Monday, October 8, 2012

Week 7 (CHC)


One of the biggest challenges that college students face is the struggle for meaning, creating or discovering connections between what they are learning in their courses and what is important in their lives.  What does this course have to do with the rest of my life?  Why do I have to take art history if I am not an art history major?  I'll never use math beyond my checkbook; why would I need college algebra?  These questions are all good and can be answered in a myriad of ways, but at their essence they point to a crisis in meaning at the heart of higher education.

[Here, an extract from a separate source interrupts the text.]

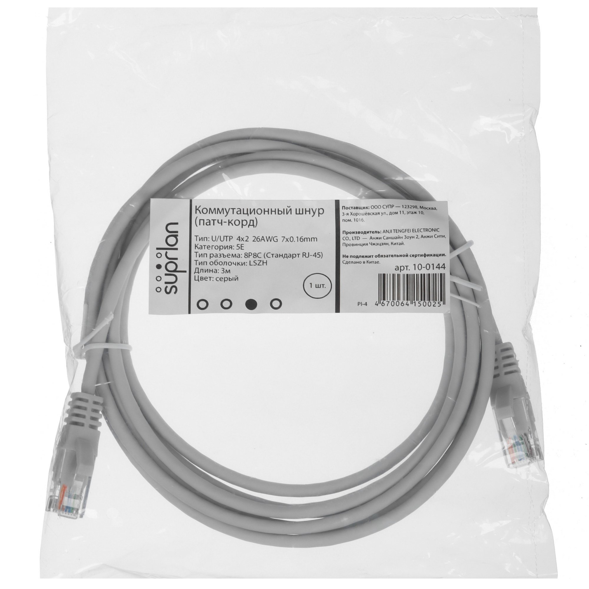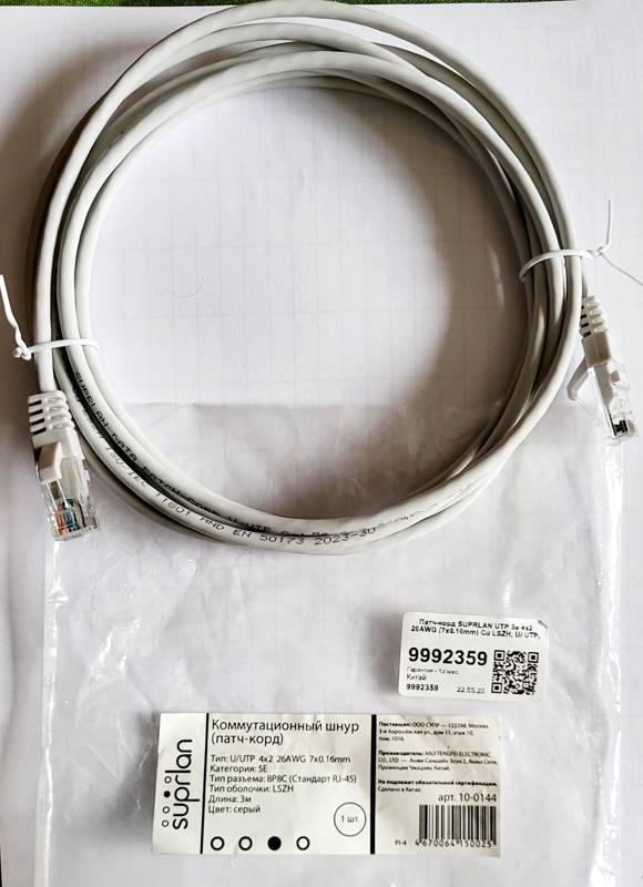 Патч-корд SUPRLAN 10-0144 имеет длину 3 м. Материал проводника – медь.

Students receive conflicting messages regarding school.  If you don't go to college, you will end up a failure.  You will earn less than someone with a degree.  You will not find a good paying job.  These statements all have a element of truth, but they also falsify the college idea.  We have seen this even as we have performed many of the skits this semester.

Although everyone agrees that students graduating from college should have marketable skills, the historic and primary end of an education is so much more.  The Greek ideal of paideia, which aimed to educate the whole person so that they could take part in the work of being a citizen, is one such purpose that often gets lost or is never fully realized.

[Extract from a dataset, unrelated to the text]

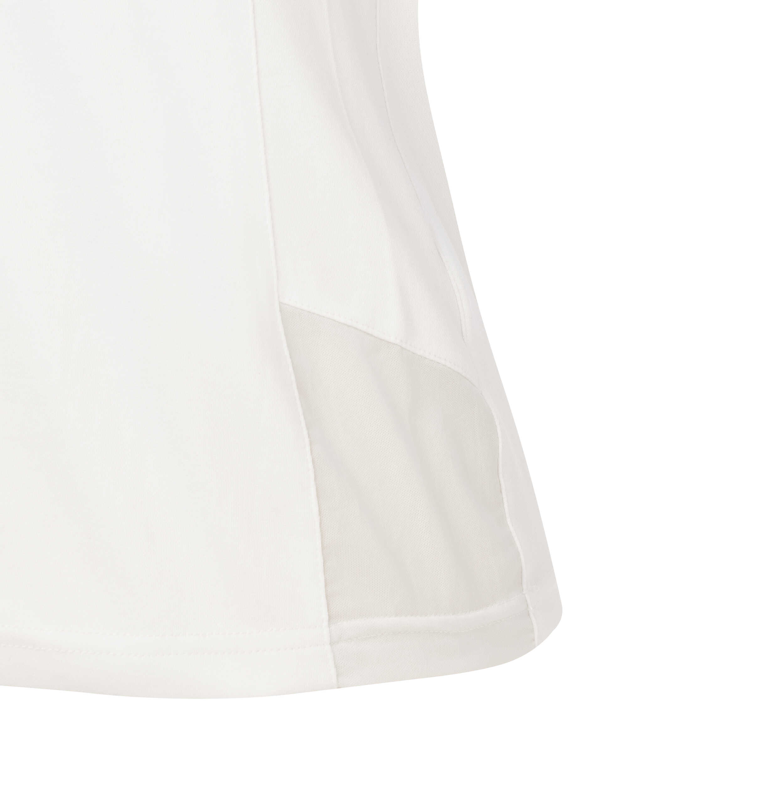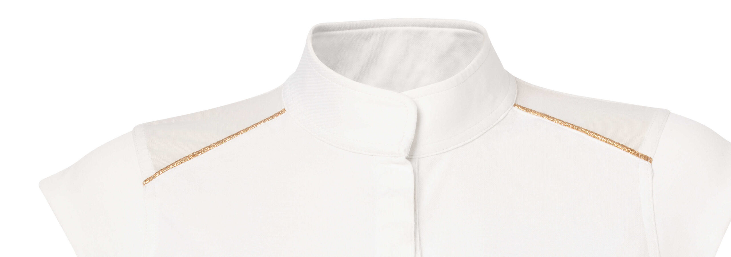– Classic white stand-up collar with silver logo on the left sleeve.

In the struggle for meaning, students and hopefully everyone else in the academy, can hear an invitation for all of us to confront the differences between thin and deep learning.  Thin learning addresses learning from the outside and is unaware or comfortable with the notion of divorcing the skills being taught with the inner working of the individual learning them.  It treats education as a set of discrete skills that can be easily taught and assessed rather than a complex interaction that calls for an inner transformation of skills and values on the part of the learner or teacher, in the context of the needs of the community.

Much of the work of this semester is an attempt to delve deeply into the ancient ideal of paideia.  Last weekend's Gandhi Day Celebration is one example as was the barbeque earlier in the term.  Stepping outside of our classroom boundaries, opening the doors of our minds and hearts to the world at large goes hand in hand with this larger form of education and the quest for meaning.

Images from Gandhi Day 2012

The calls for reinventing the classroom are many.  However, these often stay on the thin side of education and fail to engage in the meaning making of thick or deep learning.  To learn in this manner has a transformational aspect that is often difficult to assess but manifests in very visible and outward ways.  This week we continue our exploration and our attempt at thicker or deeper learning.  The following activities are offered in that spirit.  I will briefly highlight these and go over them in class in detail.

Photo Walk Group Essay at CHC

    We would like for groups (3-4 people) to form once again this time to document our work at CHC.  We will need to decide on themes for each group and avoid overlapping themes as much as possible.  The collaborative essay should be about 800 words once again.   We will use three web resources to develop the collaboration and come up with a final document:
    • Facebook
    • Instagram
    • Storify
    Here's a website that embodies the spirit behind this assignment.  Notice the way the pictures dance with the words. 

    Work on Essay #2

    Work on this essay should start in earnest.  Keep in mind the parameters we have spoken in class.  The essay is due in about two weeks.

    Notebook Check

    This week there will be a notebook check and grade (100 pts).  This will be a pass/fail kind of grade.  You either have all of the entries and receive 100 points or you don't and receive no credit.  Please number the pages in your notebook and make a table of contents. (Use the list below.) We will check your notebook on Wednesday.

    Week 1
    General response to the weekly message
    What is Forum Theater?
    Who Am I?
    Dr. Padron's Email
    The Push to Declare a Major
    WDTB "First Thoughts" 
    Week 2
    General response to the weekly message
    Writer's notebook
    Telling Is a Difficult Thing
    Probing Questions (One section)
    WDTB "Fighting Tofu"  
    Week 3
    General response to the weekly message
    Image that represents you
    Letter to younger self
    WDTB  "Beginner's Mind," "Pen and Paper," and "Trouble with the Editor 
    Week 4

    General response to the weekly message
    Billy Idol video and writing
    First and third person perspective article from The New York Times
    Ira Glass video
    Response to "Special Ed Show" from This American Life
    WDTB "Writing Is Not a MacDonald's Hamburger"
    Week 5

    General response to the weekly message
    Response to the CHC fundraising page
    Response to the fashion show video
    Response to Walt Whitman video
    Response to Allen Ginsberg writer's video
    Response to the storyline behind the Facebook posts
    Response to Allen Ginsberg poem
    Response to "Special Ed Show" from This American Life
    WDTB "You Are Not the Poem"

    Week 6
    General response to the weekly message
    Response to "Please Call Me by My True Names"
    Entry regarding potential topics for Essay #2
    WDTB "Original Detail" and "The Power of Detail" 
    Week 7
    Theme proposal for Essay #2.  Explain why you chose your topic and how you plan on approaching it.

    Readings+

    From  WDTB, read and respond to "Writers Have Good Figures" and "Listening."